Ознакомительная версия.
– Кажется, герцог или букет тебе не по душе, дитя мое? – ласково поинтересовался маркиз. – Или ты ждала цветов от кого-то другого?
– Букет очень мил, – Виолетта сама не замечала, что машинально один за другим обрывает лепестки с несчастного цветка. – И герцог де Бофор тоже… очень мил. Говорят, он фаворит королевы. Я должна как-то отблагодарить герцога за подарок? Послать ему письмо?
– Ни в коем случае, – Луи-Батист заговорщицки подмигнул дочери. – Красивые молодые девушки принимают цветы от почитателей как должное.
Маркиза д’Оди с явным облегчением вздохнула. Но розу продолжала мучить.
– Тебя что-то беспокоит, дочка? Твой первый день в Лувре прошел скверно?
– Нет, наоборот.
Тайну, которая беспокоила девушку, она, к сожалению, не могла поведать отцу. Испанское письмо. Содержание бумаги повергло Виолетту в еще большее смятение. С одной стороны, обещание, данное умирающему человеку. С другой… То, о чем просит король Филипп свою сестру Анну Австрийскую, вряд ли пойдет на пользу Франции. Даже столь юное и неискушенное в большой политике создание, как семнадцатилетняя мадемуазель де Лажуа, было в состоянии это понять. А вдруг королева согласится? Покойный кардинал Ришелье, без сомнения, назвал бы это изменой. Но Ришелье мертв, а письмо – вот оно, у самого сердца, прямо под жесткой пластинкой корсета. Письмо, которое в состоянии погубить королеву. Или множество добрых французских солдат и командиров вроде герцога Энгиенского. Если Анна согласится. Но она ведь не обязана исполнять просьбы брата…
– Позавтракаешь со мной?
– Увы, нет. Я должна быть во дворце к утреннему туалету королевы, – девушка беспокойно посмотрела на часы. – У меня осталось чуть больше получаса.
– Тогда беги, – маркиз понимающе кивнул. – Не заставляй ее величество ждать…
Le lever de la reine (утренний туалет королевы) представлял собою сложную придворную церемонию-постановку с довольно большим количеством участниц и участников. По случаю великого поста это действо проводилось немного скромнее, чем обычно. Зато последнее время, словно предчувствуя близкую кончину короля, многие придворные предпочитали почаще попадаться на глаза ее величеству. Утренний туалет был как раз одной из возможностей оказать знак почтения королеве и заодно добиться, например, личной аудиенции. Поэтому в зале ожидания оказалось очень людно.

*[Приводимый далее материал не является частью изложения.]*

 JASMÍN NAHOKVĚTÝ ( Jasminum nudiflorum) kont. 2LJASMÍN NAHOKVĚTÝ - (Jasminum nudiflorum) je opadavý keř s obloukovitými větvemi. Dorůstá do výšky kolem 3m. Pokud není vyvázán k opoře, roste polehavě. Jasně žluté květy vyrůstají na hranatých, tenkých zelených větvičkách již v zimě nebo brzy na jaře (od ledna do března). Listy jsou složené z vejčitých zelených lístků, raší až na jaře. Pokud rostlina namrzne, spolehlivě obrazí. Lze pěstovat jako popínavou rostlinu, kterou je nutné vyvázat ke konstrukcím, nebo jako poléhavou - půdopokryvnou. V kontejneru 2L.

Графиня де Брассак, гофмейстерина Анны Австрийской, перехватила Виолетту еще задолго до дверей королевской опочивальни.
– Значит, вы новая фрейлина ее величества? – цепкий взгляд женщины оценивающе скользнул по прическе и фигуре маркизы. – Смотрите и запоминайте, что будут делать другие девицы и дамы. После церемонии не исчезайте никуда – я желаю подробно побеседовать с вами о ваших обязанностях.

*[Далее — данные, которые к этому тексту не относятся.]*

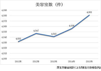 栃木県の美容室数の5年間の推移を表したグラフです。2008年の厚生労働省『衛生行政報告例』によると都道府県別の美容院数ランキングは20位。全国平均の4,711件を下回り、毎年の増加数も2桁台です。2011年から2012年は15件増えていますが、2012年から2013年は6件減少。3年間の実質的な増加は9人に留まっています。その後は順調に増え、2013年から2015年の3年間に40件の美容院が増加しています。

Девушка почтительно поклонилась.
– А теперь следуйте за мной, мадемуазель.
Тем временем камер-фрейлина мадемуазель де Бофремон показалась из дверей спальни Анны Австрийской, подавая знак, что ее величество проснулась. Войти в комнату по этому знаку дозволялось не всем. Только гофмейстерине, хранительнице гардероба и драгоценностей королевы мадам де Ла Флот-Отрив и пятерым фрейлинам. Графиня де Брассак легко подтолкнула Виолетту к двери.

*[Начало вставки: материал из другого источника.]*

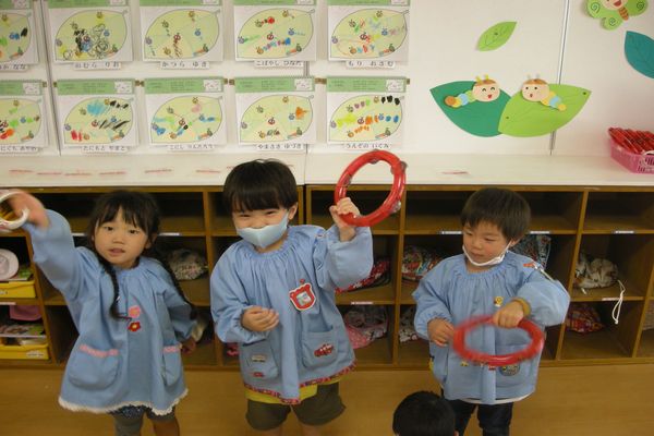 今日は、タンブリンやすずを使っていろいろなリズムをたたいてみました。シャラシャラしてきれいなおと~♪ととっても喜んでいました。大好きな歌にあわせて楽器をたたくと、「たのしいね!」と、自然と笑顔になっていました。

– С сегодняшнего дня вы тоже в числе допущенных в опочивальню, милочка.
Анна сидела на постели все еще немного сонная, в ночной рубахе и чепце, под который на ночь были заботливо убраны длинные белокурые волосы королевы. В комнате царил полумрак, конец февраля «порадовал» Париж снегопадом, поэтому нынешнее утро выдалось хмурым и ненастным. Мадам гофмейстерина, склонившись перед королевой, шепотом спросила Анну, кому сегодня принадлежит право держать свечи. Мадемуазель де Лажуа изумленно округлила глаза. Она не думала, что на церемониях в Лувре регламентируются даже подобные мелочи. Ее величество ободряюще улыбнулась крестнице.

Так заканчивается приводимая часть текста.